Coopération énergétique algéro-tchadienne : une centrale de 40 mégawatts pour N’Djamena
Un partenariat stratégique voit le jour entre l’Algérie et le Tchad avec la signature, ce jeudi à Alger, d’un accord historique pour la construction d’une centrale électrique de 40 mégawatts à N’Djamena.
Les ministres en charge de l’Énergie des deux pays, Mourad Adjal pour l’Algérie et Passalé Kanabé Marcelin pour le Tchad, ont officialisé cet accord visant à renforcer les liens bilatéraux. Ce projet s’inscrit dans la dynamique impulsée par le président algérien Abdelmadjid Tebboune, qui place la coopération Sud-Sud au cœur de ses priorités. L’objectif ? Soutenir les nations africaines, notamment en matière de production et de distribution d’énergie, un secteur crucial pour le développement économique.
Une étude technique aboutie et des étapes concrètes
La signature de l’accord couronne des mois de travail intensif entre les équipes techniques des deux pays. Lors de leur rencontre à Alger, les deux ministres ont passé en revue les différentes facettes de la future collaboration : production, transport et distribution d’électricité, fourniture d’équipements, et formation des ressources humaines. Une étude technique détaillée a été finalisée, permettant de valider la faisabilité du projet.
Les équipes de Sonelgaz se sont rendues sur place la semaine précédente pour finaliser les derniers ajustements. Les préparatifs sont désormais lancés pour l’exportation des équipements et la pose de la première pierre. En parallèle, des techniciens tchadiens se formeront pendant un mois dans les écoles de Sonelgaz en Algérie. Leur mission ? Assurer l’exploitation et la maintenance de la centrale dès sa mise en service. Ce projet inclut également la réhabilitation du réseau électrique de la capitale tchadienne, une avancée majeure pour le pays.

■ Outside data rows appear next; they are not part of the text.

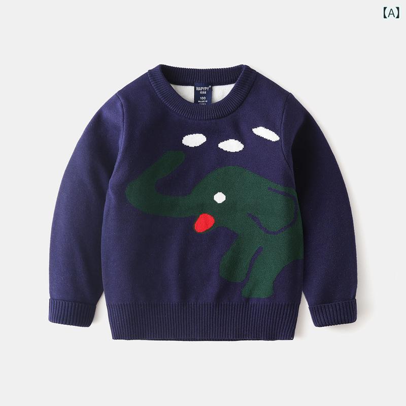 ニット キッズ 男の子 セーター 秋冬 かわいい 大象柄 あったか 子供服 トップス カットソー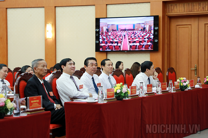 | Các đồng chí: Phan Đình Trạc, Bí thư Trung ương Đảng, Trưởng Ban Nội chính Trung ương; Võ Văn Dũng Ủy viên Trung ương Đảng, Phó Trưởng ban Thường trực Ban Nội chính Trung ương tặng hoa chúc mừng Ban Chấp hành Đảng bộ Cơ quan Ban Nội chính Trung ương, nhiệm kỳ 2020-2025 |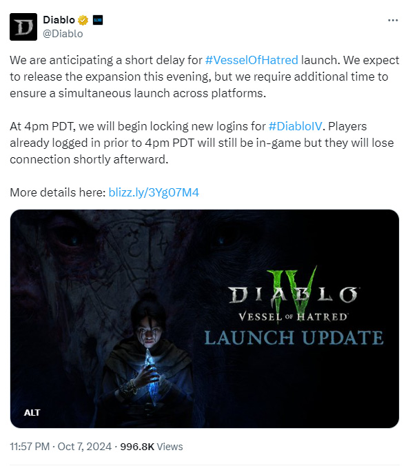 Initialement prévue à 1h du matin, l’ouverture des serveurs pour Vessel of Hatred a subi un retard de plusieurs heures. Blizzard a informé les joueurs d’un « problème technique », sans donner de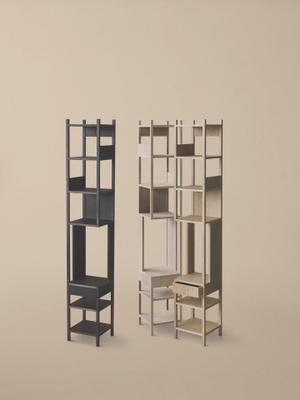 Der Rahmen des Regals besteht aus vier schlanken Säulen. Trotzdem ist das Regal enorm stabil, denn Seitenteile und die Schublade geben den statischen Halt.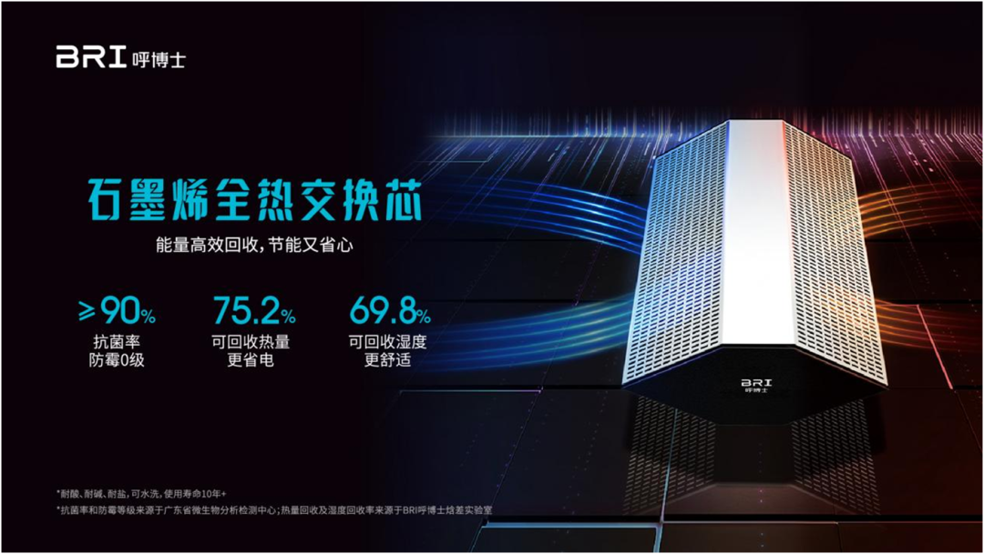 除此之外,呼博士新风采用先进的的石墨烯全热交换芯,具有超高的导热系数,抗菌防霉0级,温度交换效率高达75.2%,可大幅度降低空调负荷,远超市面上的普通新风。石墨烯使用寿命长达10年以上,且无需更换,极大降低了后期的维护成本,让家人省电更省心。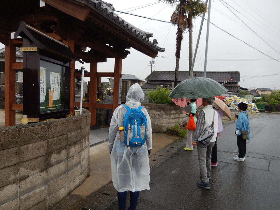 今回は雨天で非常に残念でしたが、参加者からは「普段通り慣れた道でもよく知らないことや色んな発見ができた」などの感想が聞かれました。次回はぜひ快晴の中、またのんびりと楽しく地元を散策してリベンジしたいと思います!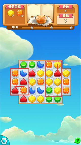 1、以蛋糕工坊为核心题材创新演绎传统三消玩法,消除同步收集蛋糕原材料,限定步数内完成制作任务,将休闲娱乐与目标挑战巧妙结合。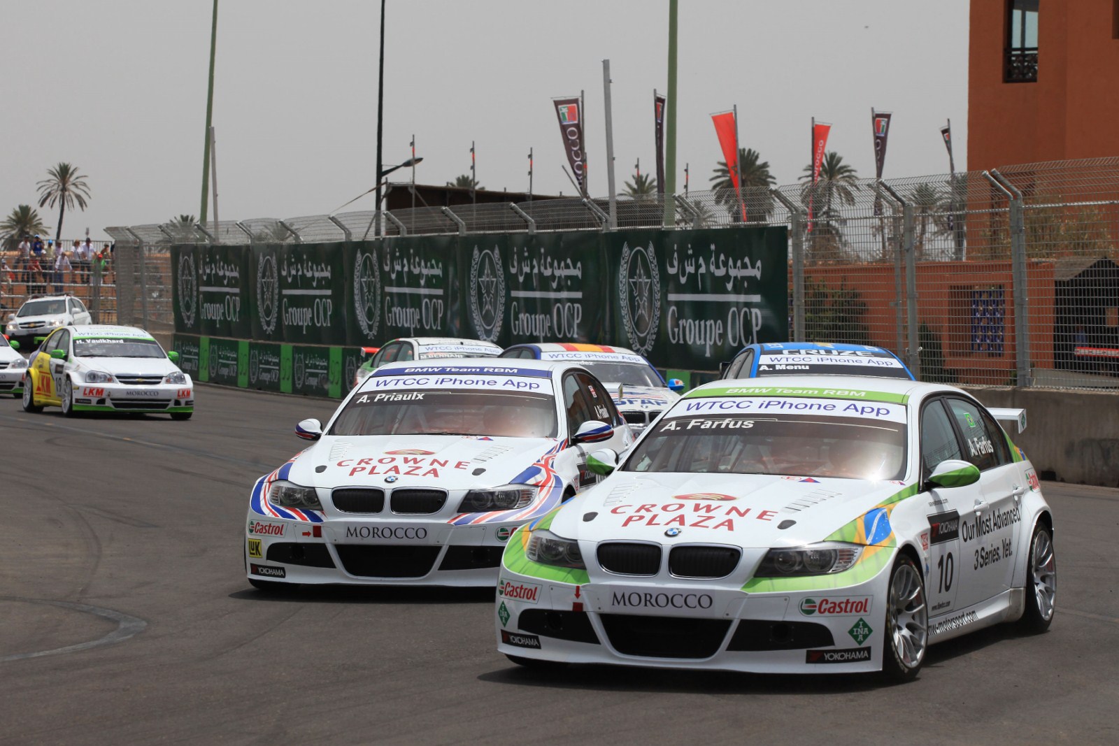 Wie erhofft konnte sich Andy Priaulx im ersten Lauf in Marrakesch auf die achte Position vorkämpfen und sich somit eine ideale Ausgangsposition für den zweiten Lauf sichern. Allerdings war Priaulx auch der einzige BMW-Pilot in den Top-Acht und es ist unübersehbar, dass die Geschwindigkeit der BMW 320si WTCC in diesem Jahr nicht für eine aktive Teilnahme am Titelkampf genügen wird. Die Möglichkeiten der Weiterentwicklung sind in Folge des engen Reglements und des Alters des Fahrzeugs sehr beschränkt und es ist nicht davon auszugehen, dass dem RBM-Team hier noch größere Sprünge gelingen. Den Sieg im ersten Lauf, der wegen eines Unfalls in einer Safety Car-Phase beendet werden musste, konnte sich Gabriele Tarquini im Diesel-Seat ungefährdet sichern. Augusto Farfus im zweiten Werks-BMW wurde zehnter, Franz Engstler gewann die Privatier-Wertung auf Position Zwölf des Gesamtklassements.

L’Algérie, un modèle en matière d’énergie électrique
Passalé Kanabé Marcelin, ministre tchadien de l’Eau et de l’Énergie, qualifie cet accord de « jalon historique » dans les relations entre les deux nations. Il rappelle que les fondations de cette coopération ont été posées lors de la visite officielle du président tchadien Mahamat Idriss Déby Itno en Algérie en avril dernier. Le Tchad souhaite s’inspirer de l’expertise algérienne, reconnue à l’échelle continentale.
Le ministre tchadien exprime sa gratitude envers l’Algérie pour son soutien constant, soulignant que le pays est devenu une « véritable référence » en Afrique en matière de production et de gestion de l’électricité. Actuellement, 12 stagiaires tchadiens suivent une formation en Algérie pour maîtriser l’exploitation des centrales électriques. D’autres sessions sont prévues pour élargir ce programme de transfert de compétences.
Une centrale 100 % algérienne pour un partenariat gagnant-gagnant
Yazid Djellouli, PDG de Sonelgaz International, précise que la centrale sera « algérienne à cent pour cent » en termes de conception, d’équipements et de main-d’œuvre. Les autorités tchadiennes ont déjà entamé les travaux préparatoires, incluant l’aménagement du site et le transfert des équipements. Ce projet s’ajoute à une série d’initiatives que Sonelgaz déploie en Afrique, où la demande pour des infrastructures énergétiques durables ne cesse de croître.
De son côté, Saleh Ben Haliki, directeur général de la Tchadienne d’électricité (TchadElec), salue ce projet comme le premier fruit tangible des « nouvelles relations » entre les deux pays dans le domaine énergétique. Il insiste sur la volonté du Tchad de capitaliser sur l’expérience algérienne, dont la maîtrise du secteur électrique est désormais reconnue comme une référence sur le continent.